The DMW range of cutter wheels from KEMROC achieve high performance in hard rock and reinforced concrete. CK Abbruch uses the cutter wheels to economically cut down large-volume structures into smaller individual pieces. These are then broken down into a size suitable for crushing using concrete cutters and shears.
“We can largely rule out the use of loud, high vibration equipment such as breakers in the steps prior to crushing,” Christadler says. “The narrow tool profiles of the cutter wheels also help to minimize the production of worthless fine-grained material as well as keeping fuel consumption and tool wear low.”
Similarly, KEMROC’s KR range of drum cutters are robustly built and ideal attachments for tunnelling applications as well as for low-vibration and low-noise demolition of reinforced concrete, making them a perfect complement to the KEMROC cutter wheels perfectly.

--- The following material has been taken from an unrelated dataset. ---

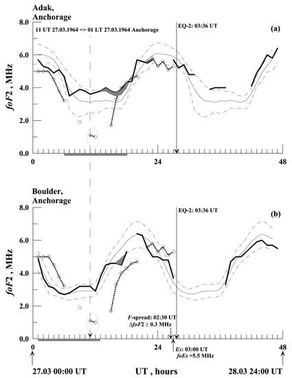 Critical frequency variations for the time interval 27–28 March 1964. (a) Adak (thick line) and Anchorage (open circles and dots); (b) Boulder (thick line) and Anchorage (open circles and dots). Thin solid lines show the corresponding monthly medians foF2med, and the dashed ones show the boundaries foF2med ± 0.75∙IQR (here IQR is the interquartile range). The thin long vertical lines with arrows indicate the moment of the EQ-2 earthquake, and the vertical dashed line with an arrow ending marks time 11:00 h UT on 27 March 1964, when a significant decrease in the current foF2 values starts on the records of Anchorage ISVS at local night hours (marked with ellipses on both panels). Solid dark thick bars under the abscissa axes mark local time intervals from 18 to 6 h LT (night-time). Breaks on the data curves mean an absence of data. Short arrows at the abscissa axis of the panel (b) mark the time when in [69] anomalies were reported in the ionosphere at Boulder ISVS: F-spread (arrow from above) and a powerful sporadic layer Es (arrow from below). The intervals when current values of foF2 exceed the boundaries of foF2med ± 0.75∙IQR are shaded [68].

“We use the drum cutter attachments where, for certain reasons, we cannot use the cutter wheels,” Christadler says. “At many places, foundations on our site meet or cross the boundary with public and private land. At these points, we are not allowed to cross our boundary into existing structures, so we use drum cutters because, unlike the cutter wheels, for technical reasons we can work without crossing the boundary.”
By the end of November 2022, around 80 percent of the demolition work at the Martinshöfe project in Weingarten had been completed. Christadler was confident that this part of the project would be completed by the end of March 2023 and that the concurrent earthworks would continue. Consumable costs to date are also in line with what he has experienced with other projects in the past.
“Overall, with this equipment, we can calculate our costs accurately, we can complete the work in an environmentally friendly manner, on time and within budget,” Christadler says.